Questo gruppo di stelle è noto fin dai tempi più remoti e le storie che ad esso si legano sono le più svariate: il riferimento all’asterismo come un orso (le quattro stelle orientali) inseguito da tre cacciatori (le tre di coda) è probabilmente il più antico mito a cui l’umanità faccia ancora riferimento.
“Septem triones” (i sette buoi) è il termine con cui gli antichi Latini definivano le sette stelle dell’Orsa Maggiore e ne avevano descritto il loro lento movimento attorno alla Stella Polare. Da questo termine latino deriva l’origine della parola italiana “settentrione”, cioè nord.
Nella vicina costellazione del Bootes, vi è la stella più luminosa del nostro cielo, Arturo, detto anche “il guardiano dell’Orsa”. Chiamata scientificamente Alfa Bootis, è una stella gigante rossa ed la stella più luminosa della costellazione del Boötes (il pastore). E’ situata a 37 anni luce dalla Terra ed è tra le stelle più luminose che si possono vedere dal nostro pianeta. Rimane inconfondibile nelle notti primaverili.
Nella mitologia greca, la stella Arturo (o tutta la costellazione di Boötes ) fu posta in cielo da Zeus
per proteggere la vicina costellazione Callisto (Orsa Maggiore) dalla gelosia di Era.
Secondo il mito, Callisto era figlia di Licaone (o di Nitteo) nonché madre di Arcade (avuto da Zeus), eroe eponimo dell’Arcadia che insegnò ai suoi sudditi l’agricoltura e l’arte di tessere la lana. Callisto era una ninfa dell’Arcadia e compagna favorita di Artemide o Diana, la dea della caccia e regina del regno animale. Come vedete, tutti i miti si ricollegano uno all’altro, creando una intricata storia simbolica e archetipica.
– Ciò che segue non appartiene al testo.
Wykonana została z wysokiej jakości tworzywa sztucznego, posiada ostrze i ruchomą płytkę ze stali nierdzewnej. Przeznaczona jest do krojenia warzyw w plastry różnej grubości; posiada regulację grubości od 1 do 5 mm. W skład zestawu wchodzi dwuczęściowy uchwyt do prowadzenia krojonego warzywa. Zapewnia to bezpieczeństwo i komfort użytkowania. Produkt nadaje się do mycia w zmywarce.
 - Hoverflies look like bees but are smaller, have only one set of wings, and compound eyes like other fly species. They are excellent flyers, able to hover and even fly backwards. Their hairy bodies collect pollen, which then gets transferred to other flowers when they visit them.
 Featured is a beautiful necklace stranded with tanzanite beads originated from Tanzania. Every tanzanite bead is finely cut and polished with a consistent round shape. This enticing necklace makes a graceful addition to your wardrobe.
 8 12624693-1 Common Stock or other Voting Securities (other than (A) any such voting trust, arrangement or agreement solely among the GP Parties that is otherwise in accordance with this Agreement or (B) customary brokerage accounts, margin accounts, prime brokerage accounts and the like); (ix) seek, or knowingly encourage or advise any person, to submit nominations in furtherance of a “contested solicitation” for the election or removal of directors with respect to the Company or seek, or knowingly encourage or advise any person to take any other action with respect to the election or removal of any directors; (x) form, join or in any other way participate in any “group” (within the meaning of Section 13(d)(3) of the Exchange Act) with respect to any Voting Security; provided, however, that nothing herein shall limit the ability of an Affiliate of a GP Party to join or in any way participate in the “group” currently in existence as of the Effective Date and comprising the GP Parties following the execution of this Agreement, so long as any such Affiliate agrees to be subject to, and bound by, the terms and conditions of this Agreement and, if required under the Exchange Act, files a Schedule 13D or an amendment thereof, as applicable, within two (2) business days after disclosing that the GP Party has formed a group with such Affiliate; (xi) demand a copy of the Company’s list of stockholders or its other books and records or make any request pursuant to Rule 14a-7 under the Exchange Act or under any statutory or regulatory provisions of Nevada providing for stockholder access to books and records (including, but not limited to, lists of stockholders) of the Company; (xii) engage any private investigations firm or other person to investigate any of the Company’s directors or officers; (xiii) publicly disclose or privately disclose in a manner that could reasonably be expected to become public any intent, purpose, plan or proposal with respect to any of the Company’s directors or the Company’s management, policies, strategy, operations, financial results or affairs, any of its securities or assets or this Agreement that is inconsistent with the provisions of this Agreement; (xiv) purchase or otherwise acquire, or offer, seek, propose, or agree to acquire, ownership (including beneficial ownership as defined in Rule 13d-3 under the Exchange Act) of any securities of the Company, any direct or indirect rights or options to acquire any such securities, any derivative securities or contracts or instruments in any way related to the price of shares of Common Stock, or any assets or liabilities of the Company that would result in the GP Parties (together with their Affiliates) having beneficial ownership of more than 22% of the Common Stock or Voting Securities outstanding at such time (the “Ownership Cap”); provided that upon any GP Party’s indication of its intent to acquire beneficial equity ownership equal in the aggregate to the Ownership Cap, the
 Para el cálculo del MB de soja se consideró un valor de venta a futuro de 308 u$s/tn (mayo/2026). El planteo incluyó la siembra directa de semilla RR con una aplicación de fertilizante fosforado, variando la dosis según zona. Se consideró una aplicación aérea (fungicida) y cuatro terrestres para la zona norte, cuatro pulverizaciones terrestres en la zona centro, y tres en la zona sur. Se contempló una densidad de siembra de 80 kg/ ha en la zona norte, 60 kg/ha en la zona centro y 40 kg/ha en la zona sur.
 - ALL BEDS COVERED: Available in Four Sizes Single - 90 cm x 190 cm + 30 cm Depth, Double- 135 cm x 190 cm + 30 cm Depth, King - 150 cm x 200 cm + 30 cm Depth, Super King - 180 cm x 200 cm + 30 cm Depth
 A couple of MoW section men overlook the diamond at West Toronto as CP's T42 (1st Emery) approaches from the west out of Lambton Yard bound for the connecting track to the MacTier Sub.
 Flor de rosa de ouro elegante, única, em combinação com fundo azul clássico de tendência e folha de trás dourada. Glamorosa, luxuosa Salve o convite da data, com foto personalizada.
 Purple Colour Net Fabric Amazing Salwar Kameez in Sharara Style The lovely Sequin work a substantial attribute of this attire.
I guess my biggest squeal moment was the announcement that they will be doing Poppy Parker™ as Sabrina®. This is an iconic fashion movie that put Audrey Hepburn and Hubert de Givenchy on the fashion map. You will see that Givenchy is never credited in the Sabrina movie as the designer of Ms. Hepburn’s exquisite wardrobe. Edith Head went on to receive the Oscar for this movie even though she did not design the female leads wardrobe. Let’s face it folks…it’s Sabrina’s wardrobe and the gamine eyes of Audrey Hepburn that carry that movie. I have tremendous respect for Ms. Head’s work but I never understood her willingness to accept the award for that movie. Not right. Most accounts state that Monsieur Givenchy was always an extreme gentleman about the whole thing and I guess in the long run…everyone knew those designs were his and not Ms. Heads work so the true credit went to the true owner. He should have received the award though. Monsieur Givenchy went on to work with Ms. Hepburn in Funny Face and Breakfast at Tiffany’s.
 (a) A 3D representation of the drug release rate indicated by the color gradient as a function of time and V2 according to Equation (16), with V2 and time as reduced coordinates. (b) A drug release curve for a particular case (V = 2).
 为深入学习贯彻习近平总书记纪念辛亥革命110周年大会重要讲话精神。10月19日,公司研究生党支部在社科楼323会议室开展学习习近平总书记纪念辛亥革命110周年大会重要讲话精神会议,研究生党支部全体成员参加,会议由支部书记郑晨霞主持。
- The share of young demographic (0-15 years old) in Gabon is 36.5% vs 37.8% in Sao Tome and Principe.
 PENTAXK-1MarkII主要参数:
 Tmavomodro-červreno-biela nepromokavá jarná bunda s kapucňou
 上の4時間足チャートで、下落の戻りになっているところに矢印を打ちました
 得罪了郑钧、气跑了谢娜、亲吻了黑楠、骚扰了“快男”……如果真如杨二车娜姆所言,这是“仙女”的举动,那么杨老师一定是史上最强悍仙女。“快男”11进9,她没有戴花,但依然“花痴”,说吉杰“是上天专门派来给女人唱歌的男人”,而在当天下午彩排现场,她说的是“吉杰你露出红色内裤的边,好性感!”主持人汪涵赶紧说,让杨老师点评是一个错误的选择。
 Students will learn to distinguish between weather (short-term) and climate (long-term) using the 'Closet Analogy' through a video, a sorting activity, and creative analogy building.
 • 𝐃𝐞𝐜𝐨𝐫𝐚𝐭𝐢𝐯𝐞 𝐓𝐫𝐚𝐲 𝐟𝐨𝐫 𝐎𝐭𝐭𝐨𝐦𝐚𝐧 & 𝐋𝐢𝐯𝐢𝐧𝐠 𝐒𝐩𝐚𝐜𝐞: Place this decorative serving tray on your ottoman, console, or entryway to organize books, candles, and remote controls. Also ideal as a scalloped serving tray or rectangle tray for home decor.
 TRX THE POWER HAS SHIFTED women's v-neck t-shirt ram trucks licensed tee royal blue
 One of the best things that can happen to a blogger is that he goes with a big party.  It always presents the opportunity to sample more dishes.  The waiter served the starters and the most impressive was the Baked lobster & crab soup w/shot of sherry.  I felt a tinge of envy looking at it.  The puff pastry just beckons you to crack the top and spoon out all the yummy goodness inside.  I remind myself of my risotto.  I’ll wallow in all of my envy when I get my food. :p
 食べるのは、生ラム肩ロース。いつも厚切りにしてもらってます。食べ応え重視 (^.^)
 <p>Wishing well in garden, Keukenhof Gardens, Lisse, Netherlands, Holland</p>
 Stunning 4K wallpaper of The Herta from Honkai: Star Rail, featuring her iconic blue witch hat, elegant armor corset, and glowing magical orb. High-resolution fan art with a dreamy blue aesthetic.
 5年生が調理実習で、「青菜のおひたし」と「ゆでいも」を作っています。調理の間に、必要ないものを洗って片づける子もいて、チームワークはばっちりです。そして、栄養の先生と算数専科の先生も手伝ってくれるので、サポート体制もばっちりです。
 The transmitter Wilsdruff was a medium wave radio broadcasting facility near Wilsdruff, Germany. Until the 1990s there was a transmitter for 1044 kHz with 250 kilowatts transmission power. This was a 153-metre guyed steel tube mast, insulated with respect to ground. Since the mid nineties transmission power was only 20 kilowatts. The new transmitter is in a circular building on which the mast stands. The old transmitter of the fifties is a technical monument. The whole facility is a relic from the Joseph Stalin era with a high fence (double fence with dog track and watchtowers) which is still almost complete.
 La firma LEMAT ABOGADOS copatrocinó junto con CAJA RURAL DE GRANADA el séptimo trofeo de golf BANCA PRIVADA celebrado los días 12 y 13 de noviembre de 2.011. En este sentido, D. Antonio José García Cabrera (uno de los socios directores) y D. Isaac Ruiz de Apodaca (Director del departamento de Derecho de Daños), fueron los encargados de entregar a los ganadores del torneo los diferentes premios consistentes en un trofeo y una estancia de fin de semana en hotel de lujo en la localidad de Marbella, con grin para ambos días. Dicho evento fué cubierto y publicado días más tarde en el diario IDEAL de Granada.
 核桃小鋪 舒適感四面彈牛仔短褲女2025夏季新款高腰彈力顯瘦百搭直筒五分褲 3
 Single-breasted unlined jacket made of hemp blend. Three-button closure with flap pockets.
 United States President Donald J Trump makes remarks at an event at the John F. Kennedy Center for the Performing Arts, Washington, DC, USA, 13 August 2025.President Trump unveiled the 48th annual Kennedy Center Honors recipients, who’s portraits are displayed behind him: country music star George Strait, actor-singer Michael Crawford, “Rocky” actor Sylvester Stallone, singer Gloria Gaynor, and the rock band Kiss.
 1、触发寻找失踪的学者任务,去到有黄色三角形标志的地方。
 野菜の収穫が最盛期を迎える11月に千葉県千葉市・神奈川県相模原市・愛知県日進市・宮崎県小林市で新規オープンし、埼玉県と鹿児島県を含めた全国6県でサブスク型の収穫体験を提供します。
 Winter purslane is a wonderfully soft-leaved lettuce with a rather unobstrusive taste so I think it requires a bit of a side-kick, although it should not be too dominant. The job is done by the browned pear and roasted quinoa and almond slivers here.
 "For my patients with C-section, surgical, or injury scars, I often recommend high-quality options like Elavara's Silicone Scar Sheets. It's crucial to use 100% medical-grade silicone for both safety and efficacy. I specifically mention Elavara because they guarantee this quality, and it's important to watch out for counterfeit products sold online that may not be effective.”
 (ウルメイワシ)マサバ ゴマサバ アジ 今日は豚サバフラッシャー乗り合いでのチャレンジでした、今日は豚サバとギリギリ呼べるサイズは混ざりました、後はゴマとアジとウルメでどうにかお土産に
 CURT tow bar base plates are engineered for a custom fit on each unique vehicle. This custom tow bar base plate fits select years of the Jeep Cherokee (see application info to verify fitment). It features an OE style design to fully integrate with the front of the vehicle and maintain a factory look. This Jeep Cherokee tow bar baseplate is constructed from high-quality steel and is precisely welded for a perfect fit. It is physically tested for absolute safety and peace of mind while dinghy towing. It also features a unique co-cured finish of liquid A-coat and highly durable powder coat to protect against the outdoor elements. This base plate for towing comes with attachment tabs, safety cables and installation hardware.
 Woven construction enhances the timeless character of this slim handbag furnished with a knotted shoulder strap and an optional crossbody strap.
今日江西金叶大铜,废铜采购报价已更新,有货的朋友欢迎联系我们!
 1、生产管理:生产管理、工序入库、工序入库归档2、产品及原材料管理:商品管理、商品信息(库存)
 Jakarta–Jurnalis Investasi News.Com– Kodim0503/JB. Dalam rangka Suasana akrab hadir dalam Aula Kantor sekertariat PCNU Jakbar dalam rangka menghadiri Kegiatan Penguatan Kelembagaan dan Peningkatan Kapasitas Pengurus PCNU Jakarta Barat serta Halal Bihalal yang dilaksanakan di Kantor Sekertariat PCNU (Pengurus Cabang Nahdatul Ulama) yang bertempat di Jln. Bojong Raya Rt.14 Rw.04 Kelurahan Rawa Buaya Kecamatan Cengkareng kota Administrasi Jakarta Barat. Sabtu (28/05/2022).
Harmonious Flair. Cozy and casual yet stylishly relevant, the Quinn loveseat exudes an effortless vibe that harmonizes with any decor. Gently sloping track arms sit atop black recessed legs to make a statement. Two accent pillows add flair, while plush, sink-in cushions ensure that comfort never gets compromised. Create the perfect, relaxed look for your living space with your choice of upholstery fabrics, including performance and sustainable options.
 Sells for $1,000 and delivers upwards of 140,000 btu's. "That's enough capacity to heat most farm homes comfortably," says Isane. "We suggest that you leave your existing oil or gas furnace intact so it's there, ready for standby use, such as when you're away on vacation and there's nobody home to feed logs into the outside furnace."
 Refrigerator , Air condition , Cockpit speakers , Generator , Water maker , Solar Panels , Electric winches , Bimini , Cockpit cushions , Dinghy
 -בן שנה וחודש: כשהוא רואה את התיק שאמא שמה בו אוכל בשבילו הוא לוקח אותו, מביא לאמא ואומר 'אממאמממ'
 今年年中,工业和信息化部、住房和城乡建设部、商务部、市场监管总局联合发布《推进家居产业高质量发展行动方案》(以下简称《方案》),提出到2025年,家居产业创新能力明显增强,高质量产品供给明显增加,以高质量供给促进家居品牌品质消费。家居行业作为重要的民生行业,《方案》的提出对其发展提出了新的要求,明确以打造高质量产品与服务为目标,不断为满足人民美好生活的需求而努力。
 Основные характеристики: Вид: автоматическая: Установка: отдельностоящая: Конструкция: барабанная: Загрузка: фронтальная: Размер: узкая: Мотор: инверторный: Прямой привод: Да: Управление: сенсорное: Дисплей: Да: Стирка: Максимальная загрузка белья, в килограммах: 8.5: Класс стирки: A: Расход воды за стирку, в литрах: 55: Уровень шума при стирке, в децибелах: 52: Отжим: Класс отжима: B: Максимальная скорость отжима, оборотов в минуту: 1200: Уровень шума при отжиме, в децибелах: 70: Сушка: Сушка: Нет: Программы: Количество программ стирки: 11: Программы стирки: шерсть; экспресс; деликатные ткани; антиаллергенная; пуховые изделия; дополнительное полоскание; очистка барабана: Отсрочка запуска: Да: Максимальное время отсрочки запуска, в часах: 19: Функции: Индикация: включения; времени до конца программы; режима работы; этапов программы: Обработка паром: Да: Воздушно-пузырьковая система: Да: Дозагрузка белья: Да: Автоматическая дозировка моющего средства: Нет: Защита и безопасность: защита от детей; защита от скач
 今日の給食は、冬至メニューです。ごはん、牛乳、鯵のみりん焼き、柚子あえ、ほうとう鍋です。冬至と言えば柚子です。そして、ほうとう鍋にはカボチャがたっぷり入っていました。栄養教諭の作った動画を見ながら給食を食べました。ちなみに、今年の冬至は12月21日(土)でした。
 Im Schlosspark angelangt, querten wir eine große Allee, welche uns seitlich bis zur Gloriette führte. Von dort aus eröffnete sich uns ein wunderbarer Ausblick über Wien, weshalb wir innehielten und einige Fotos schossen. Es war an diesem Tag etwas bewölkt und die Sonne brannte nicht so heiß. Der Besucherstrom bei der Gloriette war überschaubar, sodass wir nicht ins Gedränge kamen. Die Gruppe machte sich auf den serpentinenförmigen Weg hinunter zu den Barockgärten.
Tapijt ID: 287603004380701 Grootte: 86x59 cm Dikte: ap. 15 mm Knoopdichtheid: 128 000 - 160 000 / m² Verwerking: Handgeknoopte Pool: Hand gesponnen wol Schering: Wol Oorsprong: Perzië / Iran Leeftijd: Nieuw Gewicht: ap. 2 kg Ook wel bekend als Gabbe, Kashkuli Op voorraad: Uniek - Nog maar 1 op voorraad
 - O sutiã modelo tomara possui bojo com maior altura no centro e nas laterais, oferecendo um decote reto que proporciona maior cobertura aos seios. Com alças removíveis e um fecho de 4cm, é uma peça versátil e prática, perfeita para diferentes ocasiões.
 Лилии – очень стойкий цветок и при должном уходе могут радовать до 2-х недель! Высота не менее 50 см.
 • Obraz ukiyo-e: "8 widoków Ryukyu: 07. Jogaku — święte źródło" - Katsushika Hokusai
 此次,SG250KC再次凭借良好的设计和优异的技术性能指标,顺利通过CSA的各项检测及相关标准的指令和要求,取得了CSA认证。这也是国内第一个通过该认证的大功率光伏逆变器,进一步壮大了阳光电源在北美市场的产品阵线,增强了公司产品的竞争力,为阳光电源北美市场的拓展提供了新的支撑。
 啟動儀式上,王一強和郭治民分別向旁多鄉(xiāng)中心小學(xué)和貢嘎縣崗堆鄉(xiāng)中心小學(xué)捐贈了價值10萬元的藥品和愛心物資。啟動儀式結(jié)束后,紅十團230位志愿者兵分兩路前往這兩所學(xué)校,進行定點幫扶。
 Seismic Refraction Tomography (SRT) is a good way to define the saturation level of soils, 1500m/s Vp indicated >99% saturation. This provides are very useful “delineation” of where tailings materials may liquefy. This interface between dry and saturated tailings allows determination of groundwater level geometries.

Si narrava quindi che Zeus, sempre alla ricerca di giovani dee avvenenti, per avvicinarla, assunse le sembianze di Artemide, e la sedusse. Callisto rimase incinta. Da questo fatto avvenne la sua trasformazione in Orsa
Infatti Callisto aveva cercato in tutti i modi di nascondere la gravidanza sino a quando la vera Artemide, accaldata, propose a tutte le sue accompagnatrici di bagnarsi nude in un ruscello. La gravidanza non era più nascondibile e questo fatto fece infuriare la Dea e quindi meditò la sua vendetta. Artemide scacciò la malcapitata dal suo seguito ed Era, moglie di Zeus, divorata dalla gelosia, la tramutò in orsa. Qualche tempo dopo il figlio di Callisto, Arcade, divenuto cacciatore, incontrò l’orsa che era sua madre. Mentre lei inconsapevole vagava per i boschi, lui cercò di trafiggerla con un dardo, ma Zeus intervenne per impedire il matricidio e tramutò anche Arcade in orso. Quindi pose i due tra le costellazioni: Callisto divenne l’Orsa Maggiore e suo figlio divenne l’Orsa minore.
I miti ci insegnano grandi storie e grandi eventi e credo non sia un caso se il suffisso “art” anche in altre lingue celtiche, ha formato parole simili, come art nell’ antico irlandese e arth nella lingua gallese che è ancora parlata oggigiorno.
Secondo alcuni studiosi, il nome del mitico Re Artù e il nome Arturo in generale, sarebbe collegato
proprio a questa parola e a questa divinità.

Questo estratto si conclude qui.